I suspect the source of your comment was probably a comparison of how I appeared somewhat sane in the mornings and you comparing it to your own experience of being harried and exhausted and tired when your husband travels. (Or else, you are just a really kind, sweet soul who was taking pity on my crazy and offering me a kind word. Which is quite possible.) But if you are in any way comparing my five minutes with your reality, just stop. Please. Anyone can appear sane and composed for five minutes.
As a photographer, I know this so well. With the right lighting and styling and artful angles, you can make the darkest, most horrible things look beautiful for just a moment. But the reality is often far more complicated than what falls within the boundaries of the frame.

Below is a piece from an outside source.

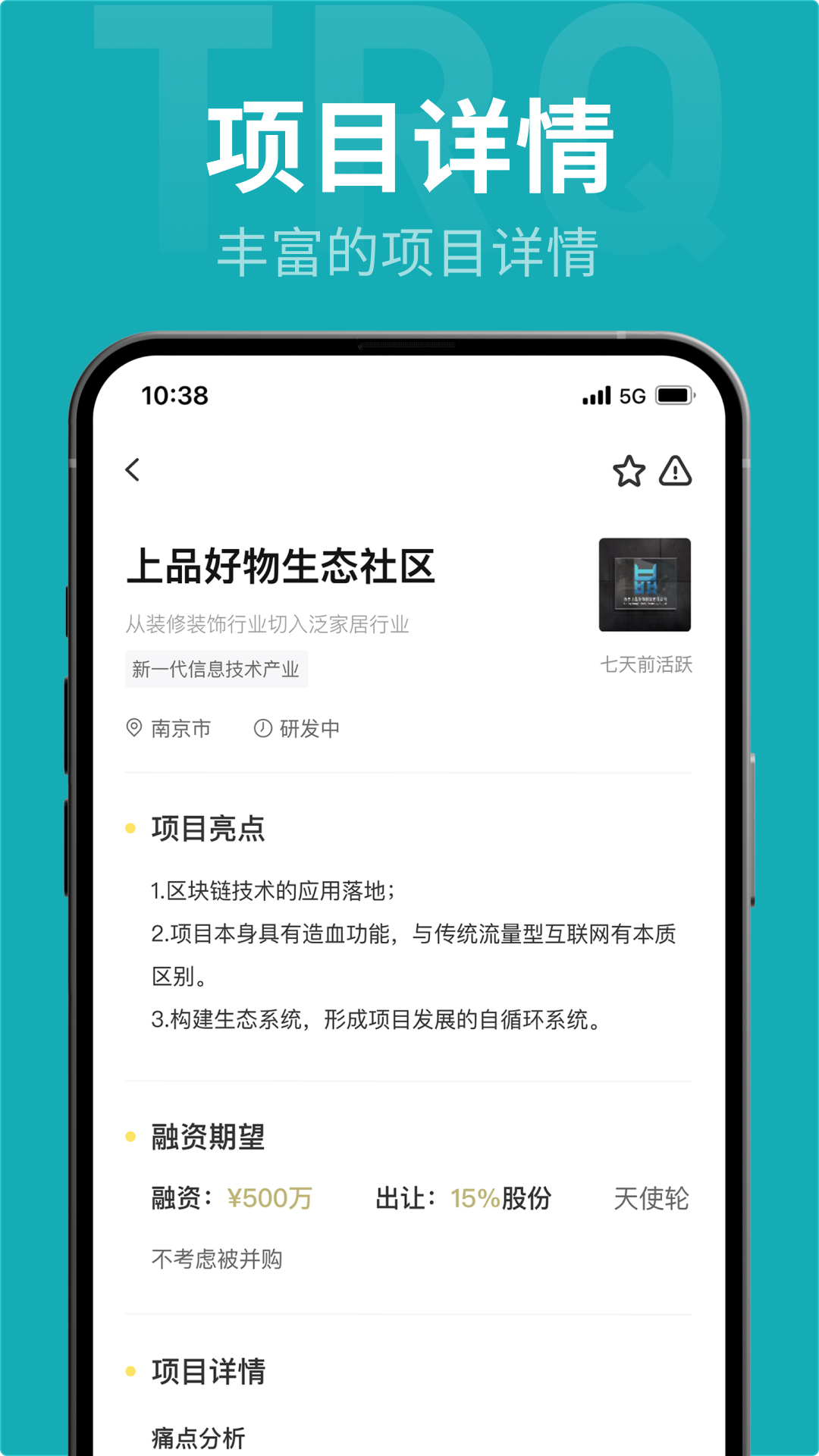 精准融资对接:投融桥App为项目方提供多渠道的融资机会,包括天使投资、风险投资、私募股权基金等。同时,平台支持老股转让、并购重组等多种资本运作方式,帮助企业在不同发展阶段获得所需的资金和资源支持。

I promise, to you or any other mom out there struggling and comparing yourself to another mom: the reality is, we're all struggling. Composure is just a myth. Every second spent in motherhood is fraught with doubt and guessing and uncertainty and frustration. Parenting is insane--it really is. We bring these helpless beings into the world, we love them with a fierceness that is just unexplainable, yet they make our lives crazy. They're unpredictable and demanding and completely dependent upon us and sometimes, really bratty. They can also break our hearts with a smile or a giggle. We would tear apart another who would criticize them, yet at times, we mutter what little assholes they can be under our breath. We want the very best for them, yet our best never seems to be enough: they are forever demanding more and we are forever seeing someone else that appears to be doing it better. Then, take this two-person job and suddenly shift it all onto the shoulders of one person, it becomes monumentally hard. And so, so isolating. (There's a reason God designed this parenting scheme to work best as a partnership between two people).
I honestly have no idea how full-time single parents do it, but I suspect that if asked, they give the same answer that I give when non-military parents ask how I manage a year-long deployment: you figure it out, because you don't have the option to fail. Someone is depending on you, so you figure it the eff out. Quitting, failing, giving up aren't options, so you just do it. I'm not made of special stuff. There isn't anything particularly unique about me. Just like any other mom, I love my children enough to do my best to raise them into successful adults, and no matter how my surroundings or circumstances my change along the way, I'll find my way. No mom out there possesses a secret gene or trait that makes her better able to do this. Each of us is unique, with our own talents and skills and varying strengths, sure--but we all contain the ONE thing we need to do this job well: a sacrificial love for our children that pushes us beyond our boundaries to meet their needs.
I may not have composure, and my house my not be clean and my hair may be dirty--but I love my kids. So do you. We'll give them what they need to grow into independent adults--it may not always be pretty or Pinterest-worthy. But at the end of the day, that's enough.